Historically, technology has exacerbated the problem. Many firms run multiple systems for convertible bond desks: one for modeling and another for idea generation, one for booking orders from clients and another for equity order management – and yet another for allocations, compliance and risk. This, of course, doesn’t just hamper your ability to make smart decisions ahead of the competition; running and maintaining all these systems takes a huge amount of time and resources.
But many market observers think that convertible bonds will become increasingly popular over the next few years, now that interest rates are rising and, consequentially, the stability of the equity markets is becoming less certain. As finding the edge in any market becomes more important, what is your firm to do?
The sell-side market structure has fundamentally changed. Banks are more risk averse and aren’t putting up the capital; Meanwhile, trading books have vastly shrunk and firms have retreated from research. So tiers of size of sell-side institutions are shrinking. The world is getting flatter, the liquidity providers are becoming more homogeneous, the market is becoming more competitive across the old tiers and sell-side trading strategies are becoming more similar.
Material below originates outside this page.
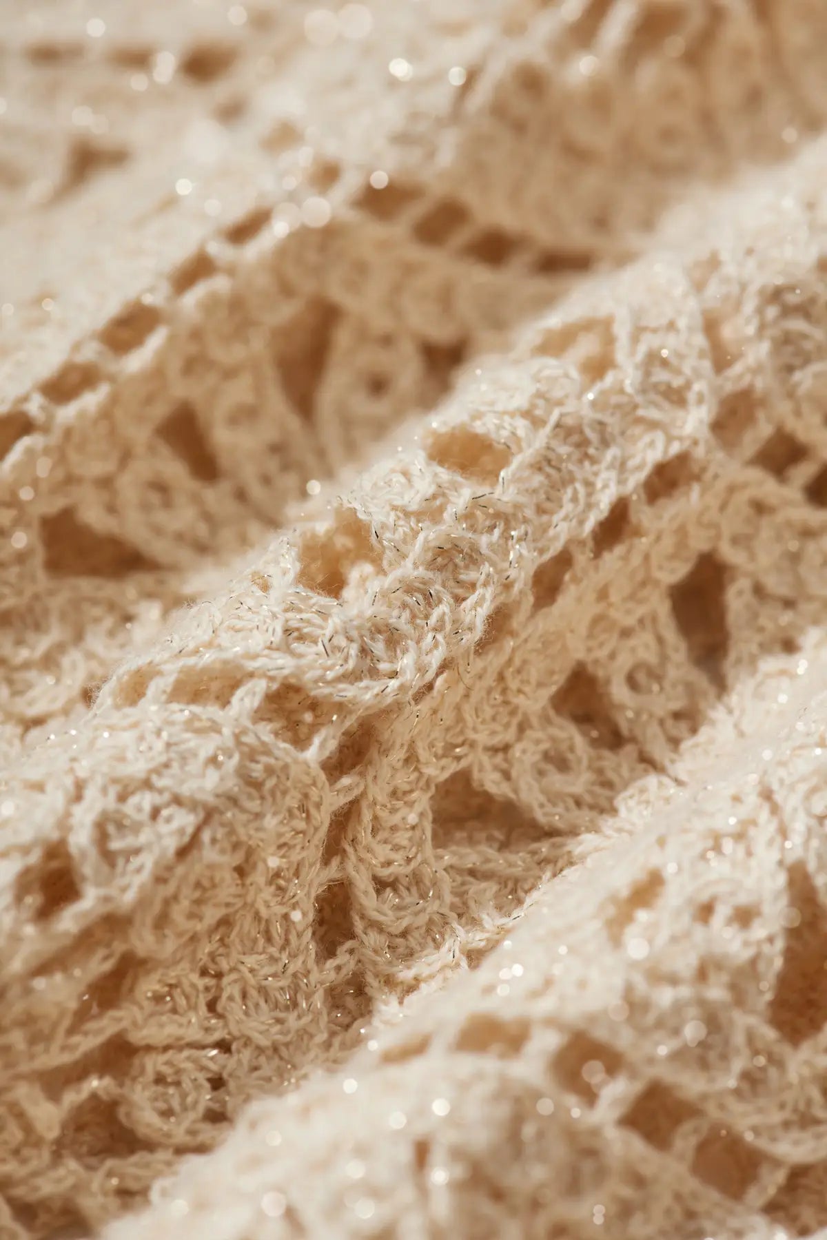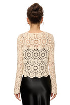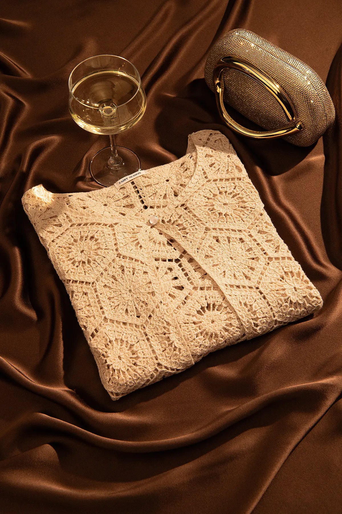 Effortlessly blend vintage charm with modern elegance in this cropped cardigan, featuring delicate hexagonal crochet motifs and a flattering one-button design. Woven with subtle gold yarn threads, the 100% cotton fabric offers breathable comfort and a touch of refined shimmer, making it a versatile layer for every season.

Since the Volcker ruling, even big banks have to work hard to find liquidity in the market, and more and more firms are acting like agency brokers than the proprietary book-wielding banks of old.
To win in this new marketplace, you must not only understand who and why somebody would want to sell something, and who and why somebody would want to buy something, but you must also have a system which enables you to react to the best possible market opportunities before your competitors. And you can’t do that without extremely efficient and intelligent use of data.
That’s where a single platform can help. While it must be able to analyze data in the most sophisticated ways; complete all booking, confirms and downstream reporting; perform real-time risk and real-time P&L; and manage regulatory reporting, consolidation saves money by eliminating mass legacy systems. Even better, a consolidated system can make your firm faster and smarter, and thus able to make more money than your competitors.
And that’s what everyone on the sell side, from the CEO to the trader, wants, isn’t it?